You get up and begin to pace your empty house in the dark.
Maybe Maria could suck the guard's dick? That seems like the logical climax but you’ve backed yourself into a corner with world-building and tone. It’s too realistic for there to be sex now. The whole thing is so thoroughly sexless you don’t even see why you tried to make it erotic.
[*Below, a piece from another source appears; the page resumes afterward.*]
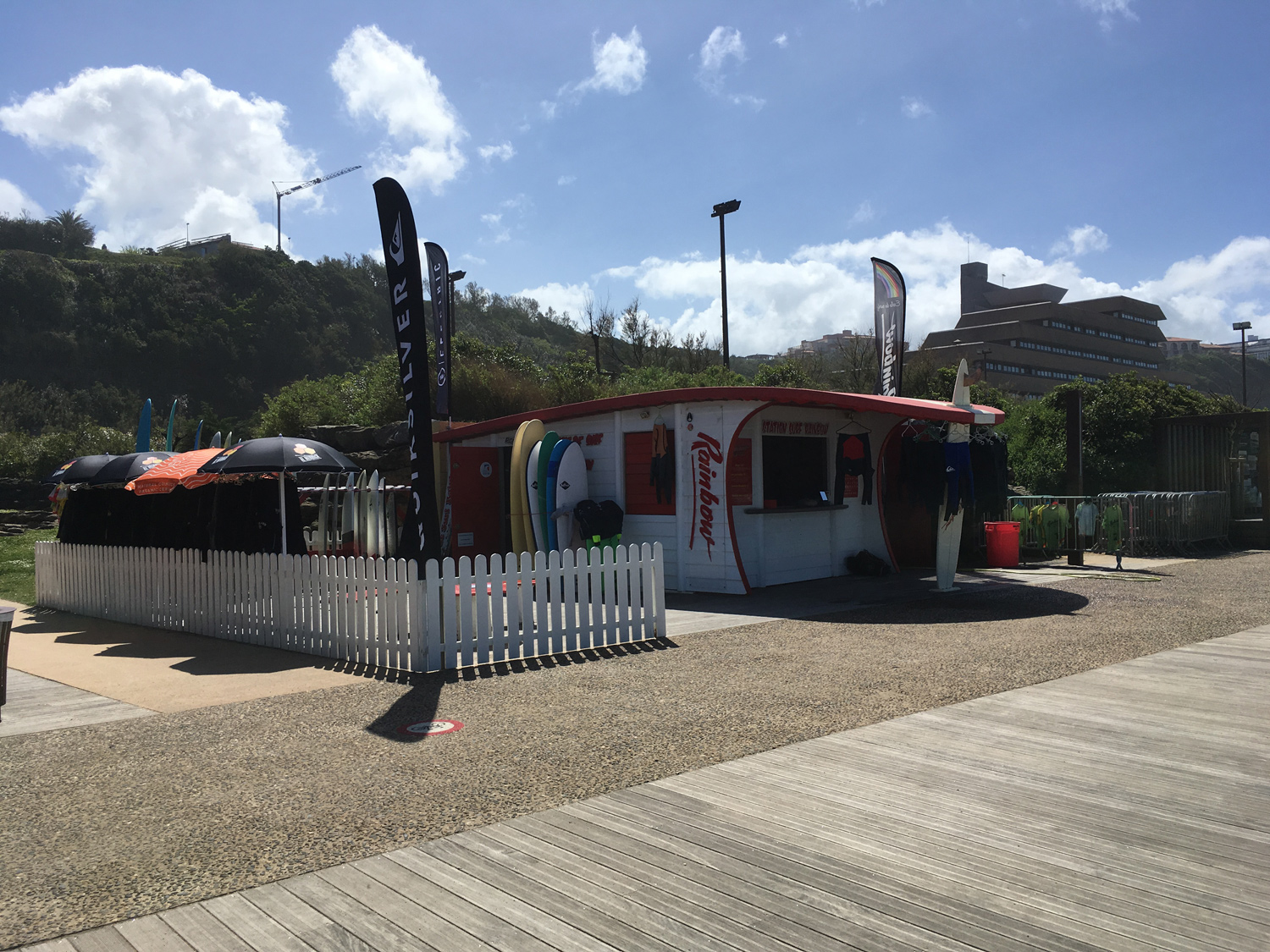 L'école de surf Rainbow, la plus ancienne école d’Anglet (depuis 1983), située sur la plage de la Petite Chambre d'Amour (VVF) à Anglet face à la mer, avec plus de 30 ans d'ancienneté et d'expérience. Elle bénéficie d'un cadre idéal avec une vue imprenable sur le phare de Biarritz. Nous vous accueillons au sein de notre cabane atypique (avec vestiaire) pour vous proposer en toute sécurité (moniteurs diplômés du brevet d'Etat) dans une ambiance chaleureuse, des cours de surf, des balades en Stand-Up Paddle quel que soit le niveau ainsi que de la location de matériel haut de gamme. Notre école est labelisée Ecole française de Surf et Handisurf (dispose d’un accès PMR) !
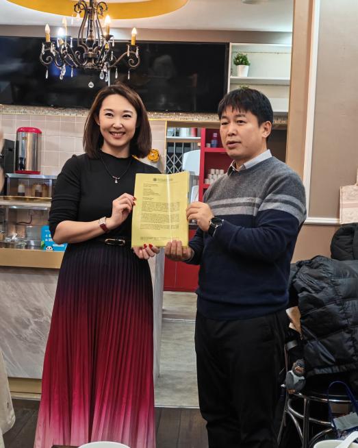 茶话会结束后,利兹大学的Ellen Wang女士亲自带领访学团成员前往“家”餐厅(Home Chinese Restaurant),共度小年夜晚餐。晚餐伊始,Ellen Wang表达了对本次访学项目的高度认可,并特别提到对来自中国的参访人员的亲切感。贾老师也代表同学们向利兹大学商学院的周到安排表示衷心的感谢,并赠送出学院方的官方感谢信,和学生们手绘和启笔的函件。在品尝中国美食的过程中,同学们的友谊与师生情谊进一步升温,整个晚餐现场洋溢着欢乐与温暖的氛围。

The groping is an expression of power more than anything else. It’s just sad, and a little funny.
Maybe you could extend the start and ending? It could be a dystopian novella focussed on a Kafka-esque police state oriented around the fear of trans women. You haven’t read much Kafka. You read the Metamorphosis. All you had to say about it was “mood.” You know you read more than Daisy but it seems like you get less out of it than she does. Whenever you talk about a book you’ve both read, she outpaces you in discussion and you’re left listening to her lecture.
You love it. You could do it forever. Your ideal date would be reading Sissy Bitches together and then letting her analyse each story for you. It would be so much more than just reading it by yourself, thinking about it by yourself. It was the first thing you read after you came out and it’s what made you start writing – but still, you feel it’s not complete without her.
Maybe you could give up. You can stop writing this and focus on something better. It’s all practice. It’s all for fun. This story won’t make Daisy like you and won’t get anyone off. It veers too far from chastity to even really be for the sorts of people who find that hot outright. You brush your teeth in the dark and splash your face with warm water. Your shirt is wet now.
Your bed is cold when you get into it. Scenes play out in your head that you can’t put into writing. It makes so much more sense when you can see Maria, but you can’t. It feels like there’s something else, just beyond the veil of what you yourself can experience. All you have to do to get there is put the right words in the right order. You’ll try again tomorrow.